Pillar 3 Data Hub: EBA konsultiert zu kleinen Banken
Die EBA hat ein Diskussionspapier zum Pillar 3 Data Hub (P3DH) für kleine und nicht-komplexe Institute (SNCIs) veröffentlicht. Bis zum 20. Juli 2026 können Stellungnahmen eingereicht werden.
Zentralisierte Offenlegung für kleine Banken
Der Pillar 3 Data Hub (P3DH) ist eine zentrale Plattform der EBA, die den Zugang zu Säule-3-Informationen für alle Nutzer vereinfacht.
Seit dem 26. Januar 2026 ist der P3DH für große und andere Institute live.
Nun weitet die EBA den Prozess auf kleine und nicht-komplexe Institute (SNCIs) aus.
Für diese Institute ist die EBA mandatiert, die Säule-3-Offenlegungen auf Basis der aufsichtsrechtlichen Meldedaten zu erstellen und zu veröffentlichen.
Dieses Diskussionspapier konzentriert sich auf den Prozess für SNCIs, einschließlich der Berechnungsmethodik.
Es skizziert zudem die nächsten Schritte und den erwarteten Zeitplan für die erste Veröffentlichung.
Eine öffentliche Konsultation zu den ITS für aufsichtsrechtliche Meldungen läuft parallel bis zum 10. Juli 2026, um fehlende Datenpunkte zu adressieren.
Die Berechnungsmethodik wird derzeit getestet.
Weniger Aufwand, mehr Transparenz
Die Zentralisierung der Säule-3-Offenlegungen durch den EBA P3DH verspricht eine deutliche Reduzierung der operativen Kosten für kleine und nicht-komplexe Institute (SNCIs).
Da die EBA die Berechnung und Veröffentlichung der Daten übernimmt, entfällt für diese Banken der Aufwand für eigene Offenlegungskanäle.
Dies erhöht zudem die Transparenz und Vergleichbarkeit der Daten für Marktteilnehmer und Aufsichtsbehörden.
Im Gegensatz zu großen Banken, die ihre fertigen Berichte einreichen, erstellt die EBA für SNCIs die Zahlen zentral aus den Meldedaten.

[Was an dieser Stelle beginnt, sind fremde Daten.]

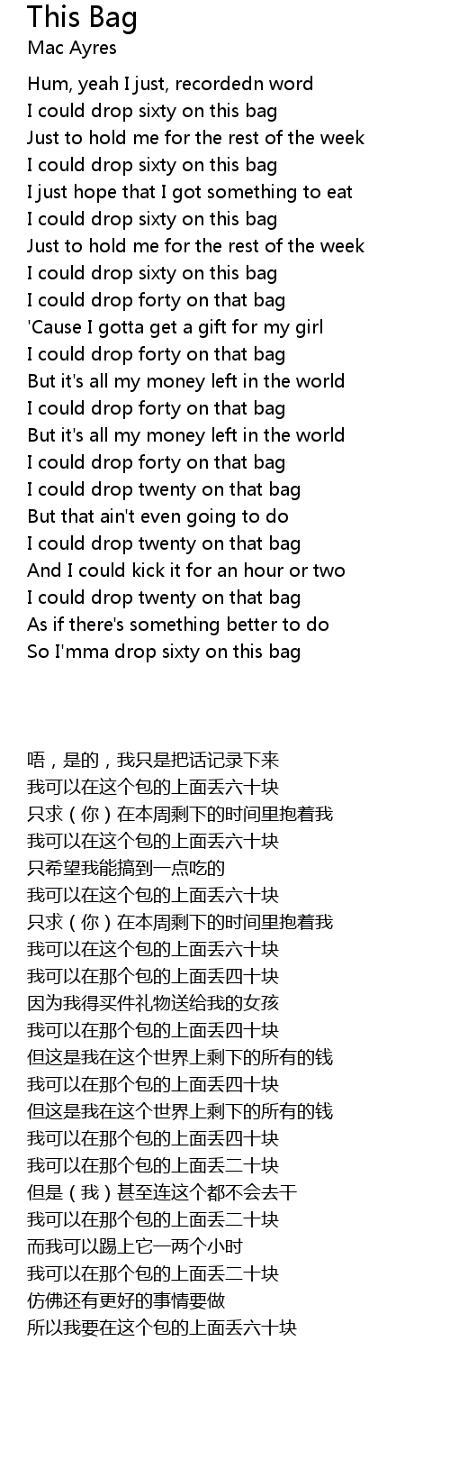 So I'mma drop sixty on this bag |

Die Anforderungen an SNCIs sind dabei geringer, oft auf eine Vorlage beschränkt.
Ein Pilotprojekt mit freiwilligen SNCIs wird die Methodik vor der breiten Einführung testen.
Bürokratieabbau mit Tücken
Die Initiative der EBA ist ein wichtiger Schritt zur Entlastung kleinerer Banken und zur Vereinheitlichung der Offenlegungsstandards.
Allerdings bleibt abzuwarten, ob die vorgeschlagene Methodik die Komplexität der Datenverarbeitung wirklich ausreichend abbildet.
Für die betroffenen Institute bietet die Konsultation eine entscheidende Chance, frühzeitig Einfluss auf die Ausgestaltung zu nehmen.